-- MATERIAL PROVIDED follows --

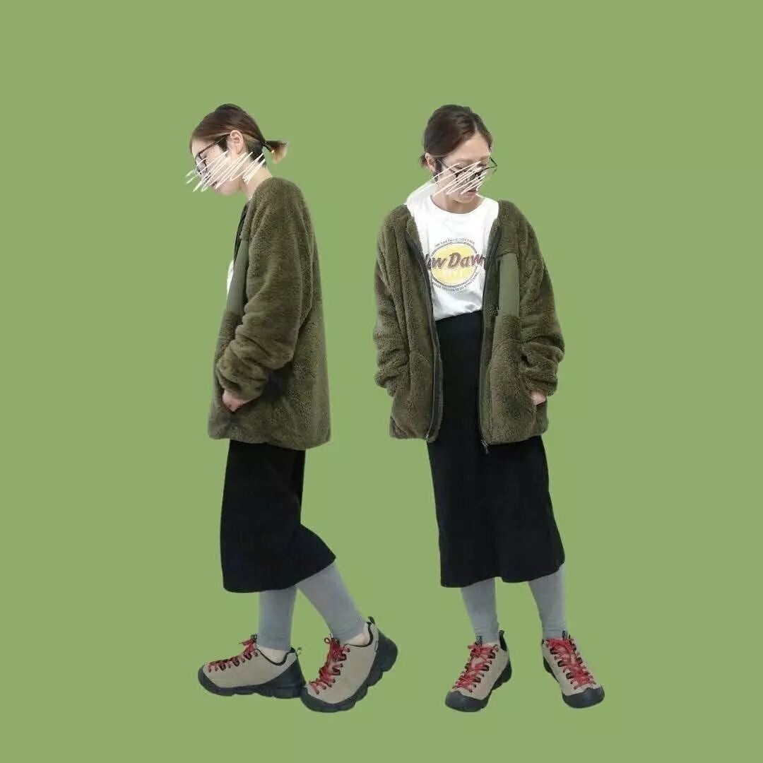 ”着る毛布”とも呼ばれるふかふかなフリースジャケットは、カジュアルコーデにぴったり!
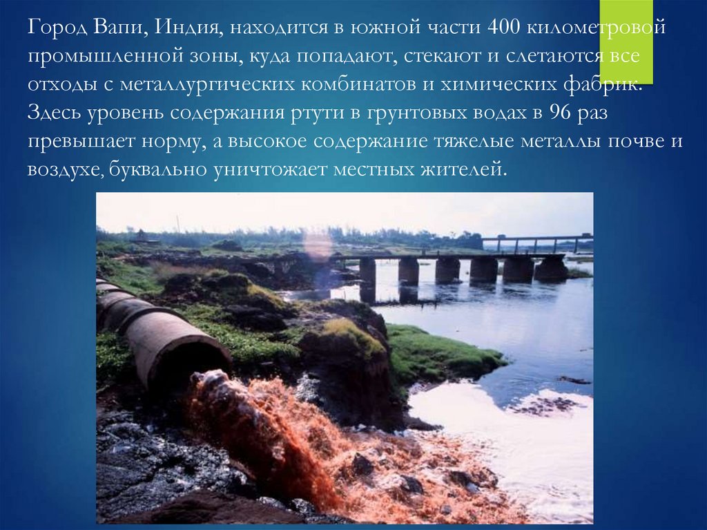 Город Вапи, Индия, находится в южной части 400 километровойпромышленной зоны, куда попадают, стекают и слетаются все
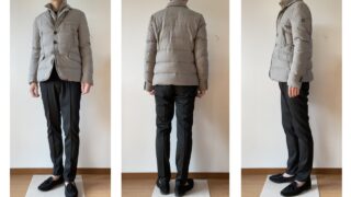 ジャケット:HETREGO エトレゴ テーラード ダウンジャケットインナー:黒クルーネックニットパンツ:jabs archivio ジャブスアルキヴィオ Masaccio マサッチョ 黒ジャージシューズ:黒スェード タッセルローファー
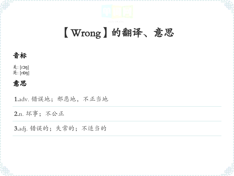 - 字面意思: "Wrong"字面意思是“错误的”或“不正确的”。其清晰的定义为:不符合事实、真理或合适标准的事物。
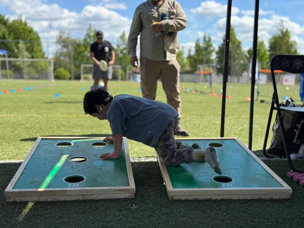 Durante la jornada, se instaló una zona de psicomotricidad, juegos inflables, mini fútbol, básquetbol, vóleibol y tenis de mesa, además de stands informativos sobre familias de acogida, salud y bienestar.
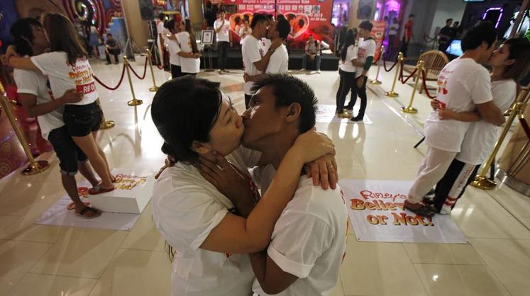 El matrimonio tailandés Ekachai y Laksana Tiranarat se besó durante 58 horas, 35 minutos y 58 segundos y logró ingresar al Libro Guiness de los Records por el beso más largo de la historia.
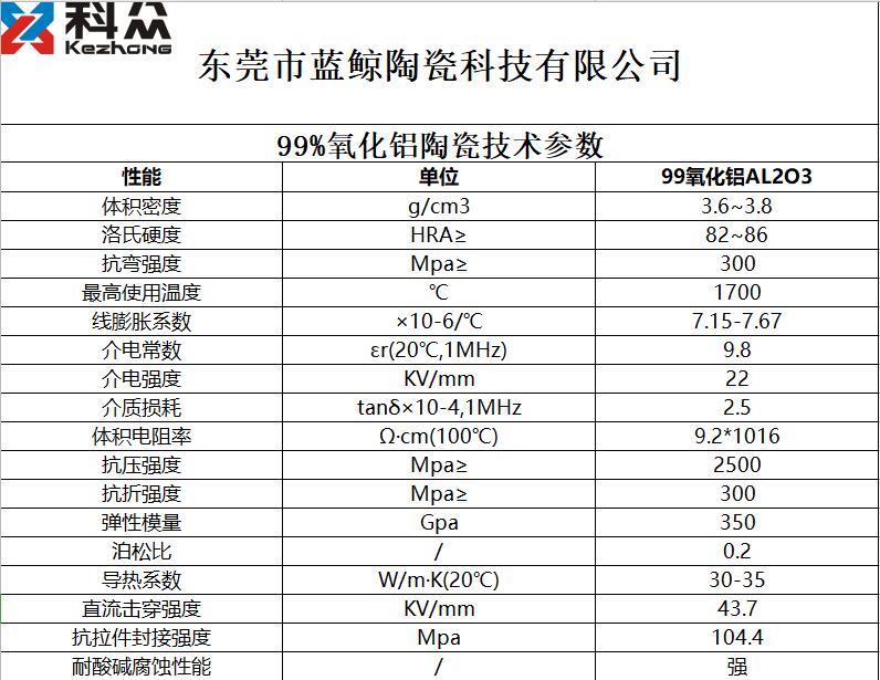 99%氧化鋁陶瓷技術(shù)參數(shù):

-- MATERIAL PROVIDED concluded --

WORK TO COMPLETE:
Copy every line of the data exactly as written, excluding the pictures.

RESPONSE:
 ”着る毛布”とも呼ばれるふかふかなフリースジャケットは、カジュアルコーデにぴったり!
 Город Вапи, Индия, находится в южной части 400 километровойпромышленной зоны, куда попадают, стекают и слетаются все
 ジャケット:HETREGO エトレゴ テーラード ダウンジャケットインナー:黒クルーネックニットパンツ:jabs archivio ジャブスアルキヴィオ Masaccio マサッチョ 黒ジャージシューズ:黒スェード タッセルローファー
 - 字面意思: "Wrong"字面意思是“错误的”或“不正确的”。其清晰的定义为:不符合事实、真理或合适标准的事物。
 Durante la jornada, se instaló una zona de psicomotricidad, juegos inflables, mini fútbol, básquetbol, vóleibol y tenis de mesa, además de stands informativos sobre familias de acogida, salud y bienestar.
 El matrimonio tailandés Ekachai y Laksana Tiranarat se besó durante 58 horas, 35 minutos y 58 segundos y logró ingresar al Libro Guiness de los Records por el beso más largo de la historia.
 99%氧化鋁陶瓷技術(shù)參數(shù):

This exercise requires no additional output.